In Part I, we went to some lengths to describe the dangers of a cognitive elite. And yet here we call for steps that could easily increase the segregation of the gifted from everyone else. Won’t programs for the gifted further isolate them? The answers to such questions have nothing to do with social justice but much to do with the welfare of the nation, including the ultimate welfare of the disadvantaged. The first point echoes a continuing theme of this book: To be intellectually gifted is indeed a gift. Nobody “deserves” it. The monetary and social rewards that accrue to being intellectually gifted are growing all the time, for reasons that are easily condemned as being unfair. Never mind, we are saying. These gifted youngsters are important because our society’s future depends on them. The one clear and enduring failure of contemporary American education education is at the high end of the cognitive ability distribution.

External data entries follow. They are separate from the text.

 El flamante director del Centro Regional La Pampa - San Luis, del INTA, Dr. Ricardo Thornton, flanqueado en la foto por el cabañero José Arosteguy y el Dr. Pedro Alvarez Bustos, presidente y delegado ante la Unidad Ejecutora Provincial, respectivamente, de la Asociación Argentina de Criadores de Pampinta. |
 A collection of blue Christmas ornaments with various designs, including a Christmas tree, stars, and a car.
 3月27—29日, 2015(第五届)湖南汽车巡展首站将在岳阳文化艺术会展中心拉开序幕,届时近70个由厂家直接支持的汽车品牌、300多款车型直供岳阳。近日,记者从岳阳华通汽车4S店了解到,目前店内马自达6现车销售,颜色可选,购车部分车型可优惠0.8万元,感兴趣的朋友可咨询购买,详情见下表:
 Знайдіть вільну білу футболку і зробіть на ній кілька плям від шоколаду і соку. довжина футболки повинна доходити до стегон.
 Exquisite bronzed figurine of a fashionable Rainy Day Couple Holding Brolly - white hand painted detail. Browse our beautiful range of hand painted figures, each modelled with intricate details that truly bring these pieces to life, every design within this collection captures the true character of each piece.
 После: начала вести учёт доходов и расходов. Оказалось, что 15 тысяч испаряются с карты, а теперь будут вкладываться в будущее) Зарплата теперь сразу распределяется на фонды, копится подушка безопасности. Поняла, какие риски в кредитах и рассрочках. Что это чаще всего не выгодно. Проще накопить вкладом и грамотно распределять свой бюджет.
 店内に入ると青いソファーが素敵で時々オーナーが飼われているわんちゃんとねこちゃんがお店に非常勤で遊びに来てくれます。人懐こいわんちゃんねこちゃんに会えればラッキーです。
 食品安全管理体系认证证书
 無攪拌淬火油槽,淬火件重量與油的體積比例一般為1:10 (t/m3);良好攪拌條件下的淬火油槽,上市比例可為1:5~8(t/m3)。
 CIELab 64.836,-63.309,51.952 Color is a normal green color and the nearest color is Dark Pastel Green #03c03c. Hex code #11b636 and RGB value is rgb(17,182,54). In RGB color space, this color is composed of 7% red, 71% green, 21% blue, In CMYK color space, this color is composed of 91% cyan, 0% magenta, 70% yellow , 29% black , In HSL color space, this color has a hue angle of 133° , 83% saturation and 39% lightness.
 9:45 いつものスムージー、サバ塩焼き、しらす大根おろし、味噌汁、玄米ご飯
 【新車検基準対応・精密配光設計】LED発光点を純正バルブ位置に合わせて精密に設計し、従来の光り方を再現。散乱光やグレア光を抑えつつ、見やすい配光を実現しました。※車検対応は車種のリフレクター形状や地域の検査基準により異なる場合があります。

The educational deficit that worries us is symbolized by the drop in verbal skills on the SAT. What we call verbal skills encompass, among other things, the ability to think about difficult problems: to analyze, pick apart, disaggregate, synthesize, and ultimately to understand. It has seldom been more apparent how important it is that the people who count in business, law, politics, and our universities know how to think about their problems in complex, rigorous modes and how important it is that they bring to their thinking depth of judgment and, in the language of Aristotle, the habit of virtue. This kind of wisdom—for wisdom is what we need more of—does not come naturally with a high IQ. It has to be added through education, and education of a particular kind.
To be an educated person meant being able to write competently and argue logically. Therefore, children were taught the inner logic of grammar and syntax because that kind of attention to detail was believed to carry over to greater precision of thinking. They were expected to learn Aristotle’s catalog of fallacies, because educators understood that the ability to assess an argument in everyday life was honed by mastering the formal elements of logic. Ethics and theology were part of the curriculum, to teach and to refine virtue. We will not try to prescribe how a contemporary curriculum might be revised to achieve the same ends, beyond a few essentials: To be an educated person must mean to have mastered a core of history, literature, arts, ethics, and the sciences and, in the process of learning those disciplines, to have been trained to weigh, analyze, and evaluate according to exacting standards.
Our proposal will sound, and is, elitist, but only in the sense that, after exposing students to the best the world’s intellectual heritage has to offer and challenging them to achieve whatever level of excellence they are capable of, just a minority of students has the potential to become “an educated person” as we are using the term. It is not within everyone’s ability to understand the world’s intellectual heritage at the same level, any more than everyone who enters college can expect to be a theoretical physicist by trying hard enough. At every stage of learning, some people reach their limits. This is not a controversial statement when it applies to the highest levels of learning."